═══ DATA TO USE ═══
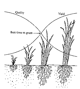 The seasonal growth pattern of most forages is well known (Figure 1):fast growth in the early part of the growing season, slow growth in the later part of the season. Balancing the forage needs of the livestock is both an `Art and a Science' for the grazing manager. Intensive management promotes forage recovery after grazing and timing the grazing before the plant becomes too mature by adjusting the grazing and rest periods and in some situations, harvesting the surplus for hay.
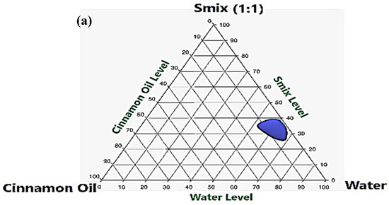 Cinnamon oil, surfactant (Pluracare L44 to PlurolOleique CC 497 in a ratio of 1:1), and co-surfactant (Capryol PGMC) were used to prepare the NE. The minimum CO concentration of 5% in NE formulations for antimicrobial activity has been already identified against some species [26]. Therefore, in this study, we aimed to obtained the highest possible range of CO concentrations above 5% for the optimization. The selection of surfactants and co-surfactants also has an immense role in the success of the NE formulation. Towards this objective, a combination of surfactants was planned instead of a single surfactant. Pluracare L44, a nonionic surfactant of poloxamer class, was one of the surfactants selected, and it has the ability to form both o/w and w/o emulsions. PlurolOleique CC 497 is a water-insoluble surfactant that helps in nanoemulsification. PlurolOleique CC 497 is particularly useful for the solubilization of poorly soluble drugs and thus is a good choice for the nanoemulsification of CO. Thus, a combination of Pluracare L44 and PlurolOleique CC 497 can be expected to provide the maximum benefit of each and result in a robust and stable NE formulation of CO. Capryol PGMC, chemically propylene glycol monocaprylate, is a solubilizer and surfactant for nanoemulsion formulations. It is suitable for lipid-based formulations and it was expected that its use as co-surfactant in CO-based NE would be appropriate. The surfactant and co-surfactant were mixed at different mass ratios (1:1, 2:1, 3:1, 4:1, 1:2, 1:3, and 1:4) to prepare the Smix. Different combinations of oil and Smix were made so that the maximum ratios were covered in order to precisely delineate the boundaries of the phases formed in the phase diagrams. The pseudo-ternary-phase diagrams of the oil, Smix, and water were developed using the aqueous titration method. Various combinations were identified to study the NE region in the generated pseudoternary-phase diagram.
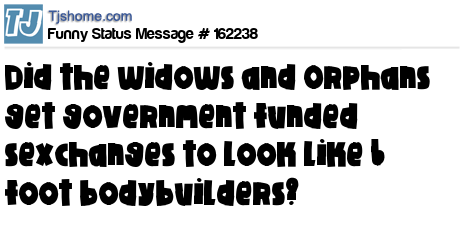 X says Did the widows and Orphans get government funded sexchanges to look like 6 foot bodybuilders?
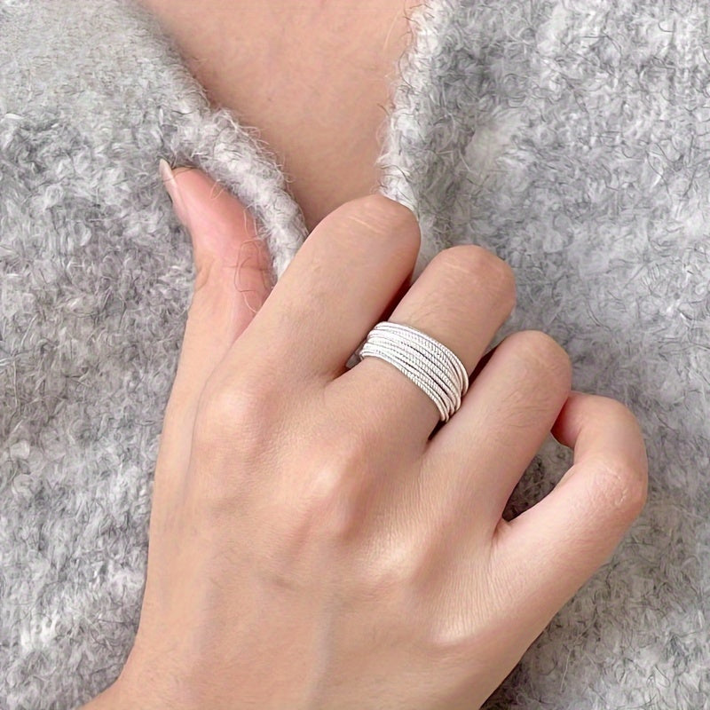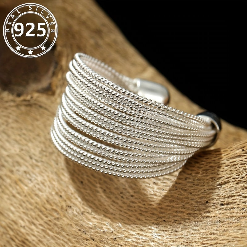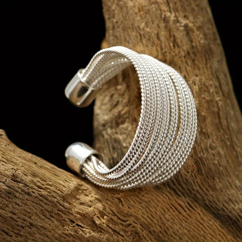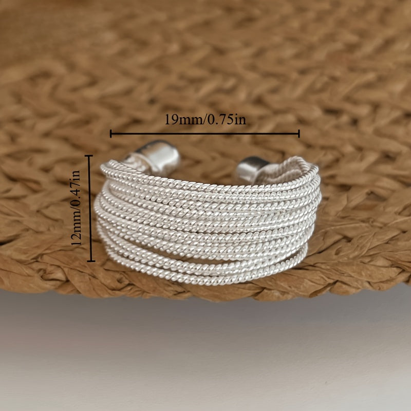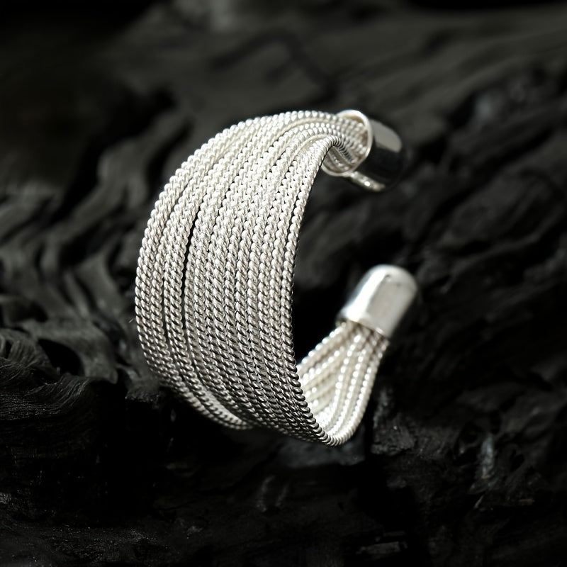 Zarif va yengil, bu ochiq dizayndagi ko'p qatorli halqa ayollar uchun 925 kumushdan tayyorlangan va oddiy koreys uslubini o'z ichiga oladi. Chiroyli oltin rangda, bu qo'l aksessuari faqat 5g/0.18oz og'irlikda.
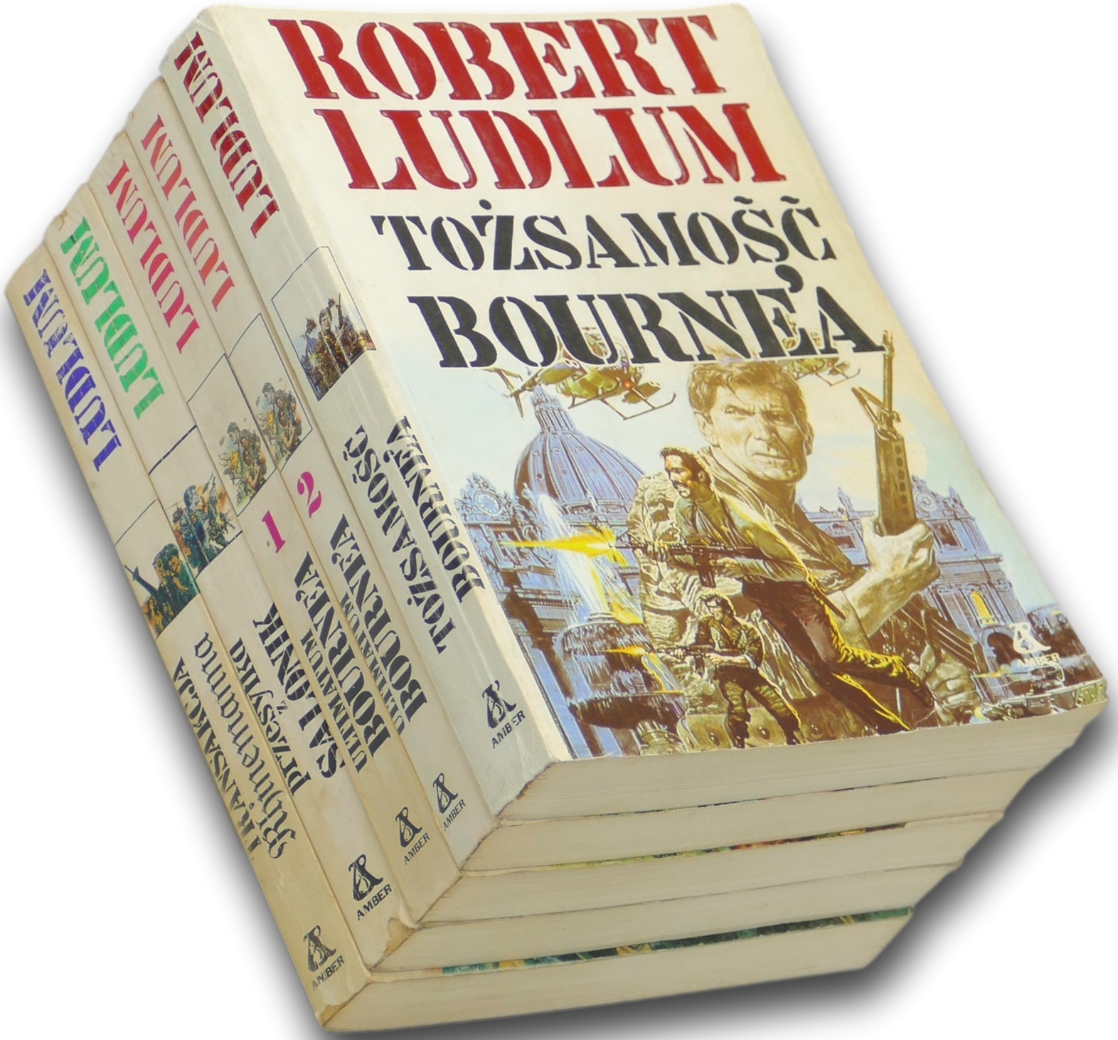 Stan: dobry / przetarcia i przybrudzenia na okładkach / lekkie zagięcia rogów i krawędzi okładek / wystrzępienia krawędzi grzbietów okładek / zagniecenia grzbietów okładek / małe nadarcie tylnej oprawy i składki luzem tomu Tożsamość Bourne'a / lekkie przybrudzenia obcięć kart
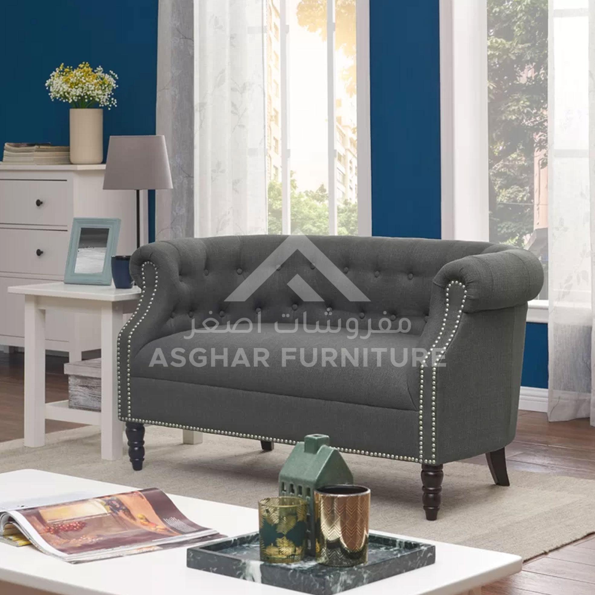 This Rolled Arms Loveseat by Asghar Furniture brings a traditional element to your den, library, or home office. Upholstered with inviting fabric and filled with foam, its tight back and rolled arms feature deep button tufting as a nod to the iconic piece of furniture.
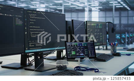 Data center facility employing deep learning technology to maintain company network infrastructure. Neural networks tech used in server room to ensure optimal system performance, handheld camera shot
═══
Exactly the lines from the line containing "Stan: dobry /" to the end of the records need to be copied, both ends included, with pictures left out.

 Stan: dobry / przetarcia i przybrudzenia na okładkach / lekkie zagięcia rogów i krawędzi okładek / wystrzępienia krawędzi grzbietów okładek / zagniecenia grzbietów okładek / małe nadarcie tylnej oprawy i składki luzem tomu Tożsamość Bourne'a / lekkie przybrudzenia obcięć kart
 This Rolled Arms Loveseat by Asghar Furniture brings a traditional element to your den, library, or home office. Upholstered with inviting fabric and filled with foam, its tight back and rolled arms feature deep button tufting as a nod to the iconic piece of furniture.
 Data center facility employing deep learning technology to maintain company network infrastructure. Neural networks tech used in server room to ensure optimal system performance, handheld camera shot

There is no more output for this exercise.